[Input data]
[Start of section]
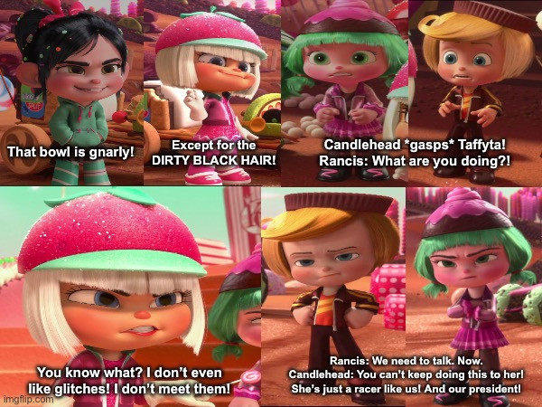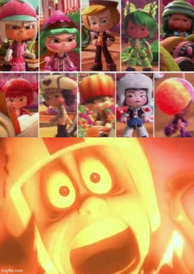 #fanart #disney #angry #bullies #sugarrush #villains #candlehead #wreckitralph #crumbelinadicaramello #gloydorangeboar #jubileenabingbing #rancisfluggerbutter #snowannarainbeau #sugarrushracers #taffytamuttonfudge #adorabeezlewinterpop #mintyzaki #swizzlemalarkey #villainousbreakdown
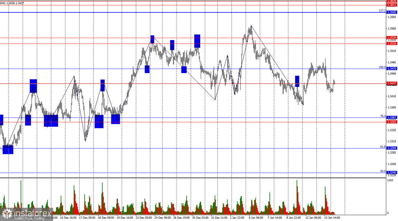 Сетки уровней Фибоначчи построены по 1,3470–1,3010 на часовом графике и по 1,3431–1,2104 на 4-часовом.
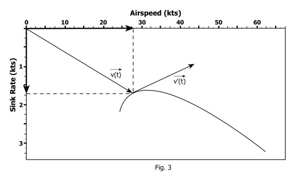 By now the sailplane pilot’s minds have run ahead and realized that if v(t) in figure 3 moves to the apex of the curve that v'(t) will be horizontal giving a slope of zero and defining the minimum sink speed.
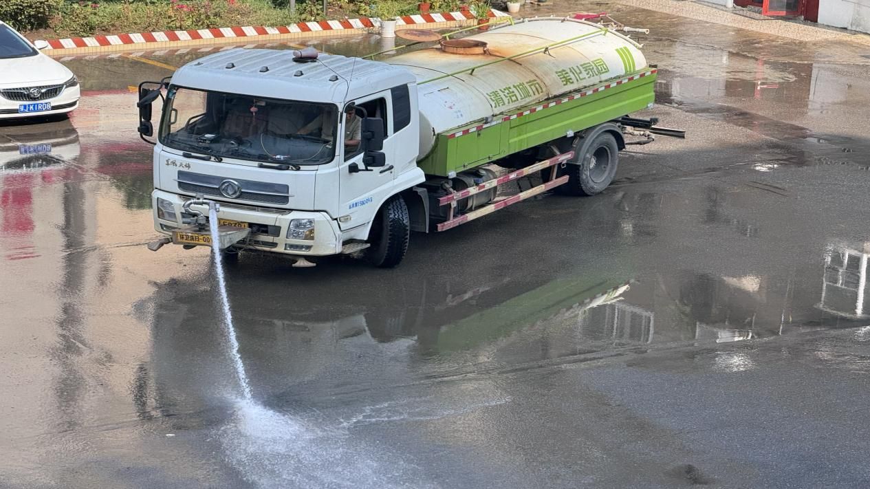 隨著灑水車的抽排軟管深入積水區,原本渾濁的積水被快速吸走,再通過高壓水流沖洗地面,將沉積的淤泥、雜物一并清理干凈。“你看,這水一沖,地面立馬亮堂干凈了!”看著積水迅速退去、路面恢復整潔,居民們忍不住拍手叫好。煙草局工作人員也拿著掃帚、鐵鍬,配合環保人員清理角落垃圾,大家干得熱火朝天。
[End of section]
Please reproduce nothing but the lines from the one containing "Сетки уровней Фибоначчи" through the closing line of the listing, retyped word for word, pictures excluded.

 Сетки уровней Фибоначчи построены по 1,3470–1,3010 на часовом графике и по 1,3431–1,2104 на 4-часовом.
 By now the sailplane pilot’s minds have run ahead and realized that if v(t) in figure 3 moves to the apex of the curve that v'(t) will be horizontal giving a slope of zero and defining the minimum sink speed.
 隨著灑水車的抽排軟管深入積水區,原本渾濁的積水被快速吸走,再通過高壓水流沖洗地面,將沉積的淤泥、雜物一并清理干凈。“你看,這水一沖,地面立馬亮堂干凈了!”看著積水迅速退去、路面恢復整潔,居民們忍不住拍手叫好。煙草局工作人員也拿著掃帚、鐵鍬,配合環保人員清理角落垃圾,大家干得熱火朝天。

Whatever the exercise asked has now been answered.